The early afternoon. The tranquil silence of the local cemetery was disturbed by our arrival at the gates. Our footsteps made clattering sounds on the pavement and our bodies, some big and some small, cast moving shadows on the grey stone. Ethan was walking next to me, glancing looks to our behind, where two girls were whispering and pointing at things.
The toddler in my arms made a soft, giggling sound when a single butterfly flew by. He stretched out his tiny hands, trying to grab the creature, but it passed right through his fingers. The little boy giggled again.

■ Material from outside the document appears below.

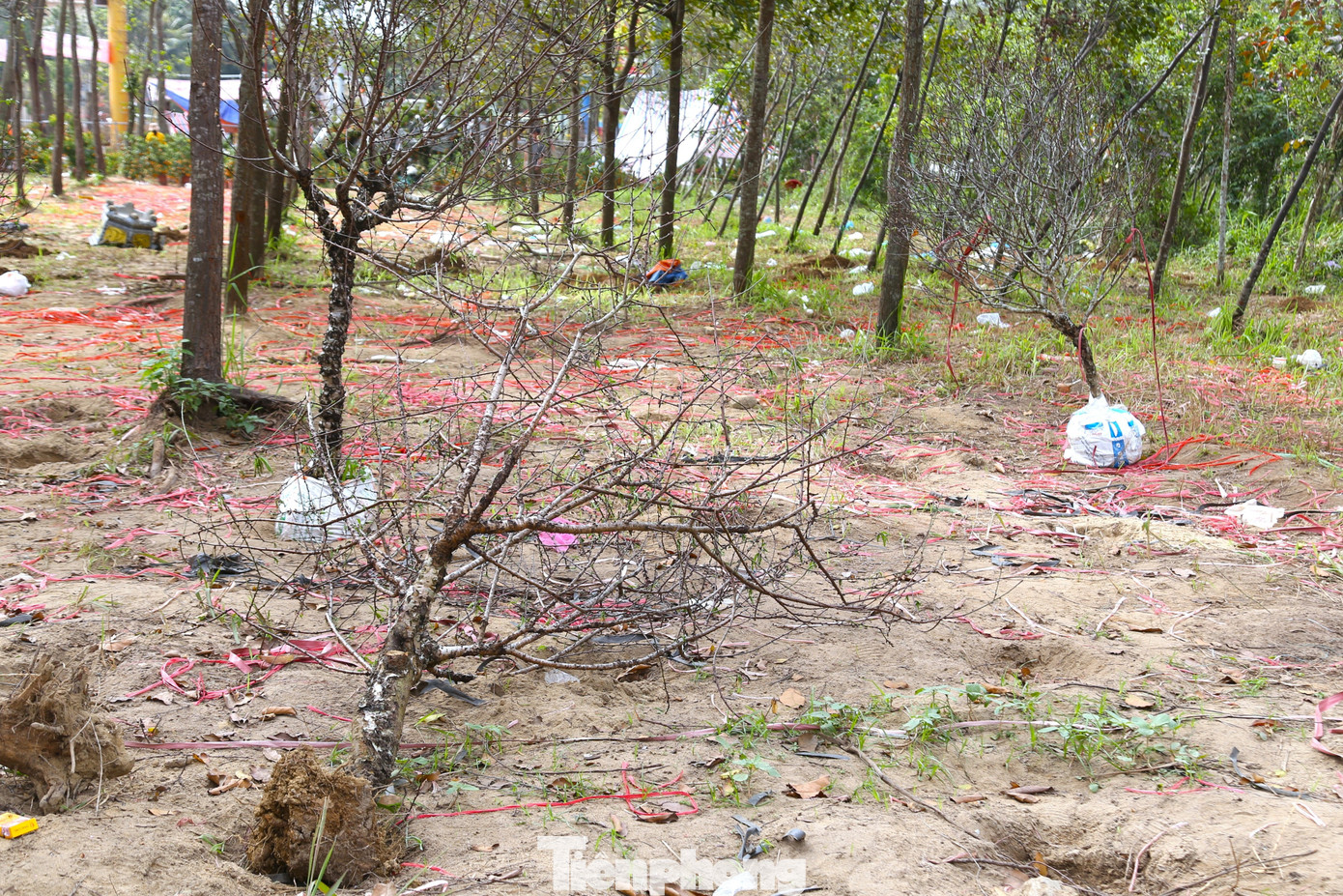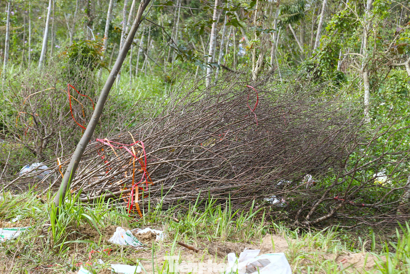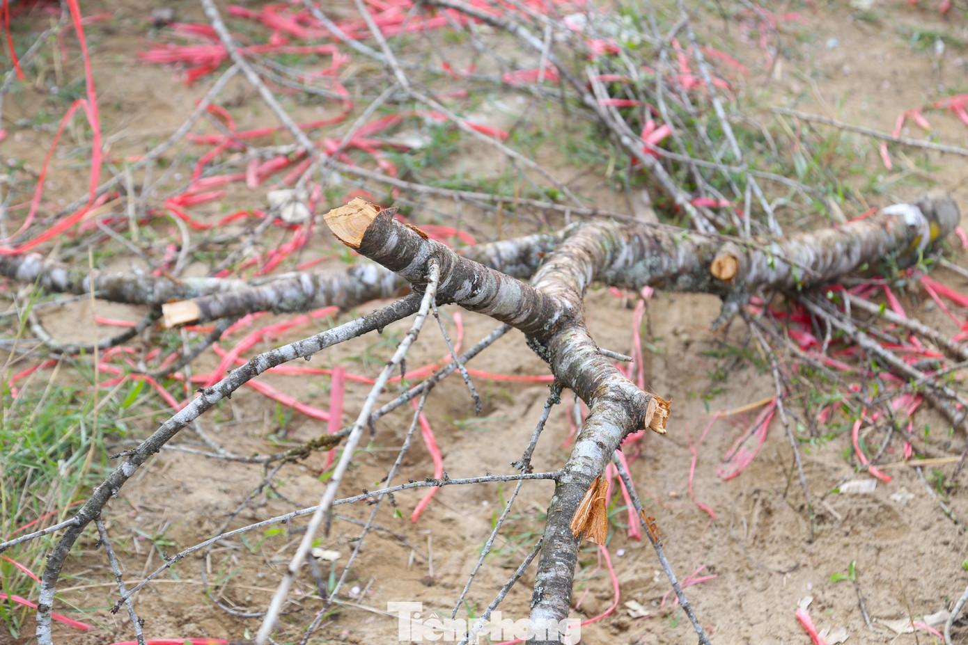 Có cành đào đã bị cưa, có cành bị bẻ gãy nằm lẫn lộn, ngổn ngang với dây buộc.
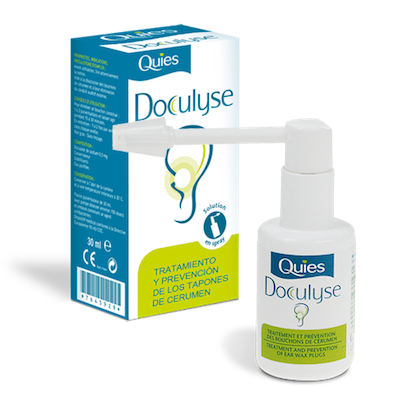 Doculyse de Quies es una solución en spray para el tratamiento y la prevención de los tapones de cerumen. Ayuda a la disolución de los tapones de cerumen y a su eliminación del conducto auditivo externo.

‘That’s called a butterfly, Ivan.’
‘Bwutterfy?’ he repeated.
‘Yes, a butterfly.’
‘Why bwutterfy fy?’ Ivan’s twin asked loudly, wriggling in Ethan’s arms next to me. ‘Why they fy, dada?’
Our oldest girls picked that exact moment to burst out laughing and stormed past us, running towards the central statue.
‘TAG! You’re gonna be it!’ Ceci, our secondborn, yelled.
‘Whaaaaaat? You have to be it! I was it last time, that’s not faaaaaaiiiir!’
‘GIRLS!’ Ethan yelled, causing the two to stop what they were doing right away. They looked at him with guilty expressions in their golden eyes.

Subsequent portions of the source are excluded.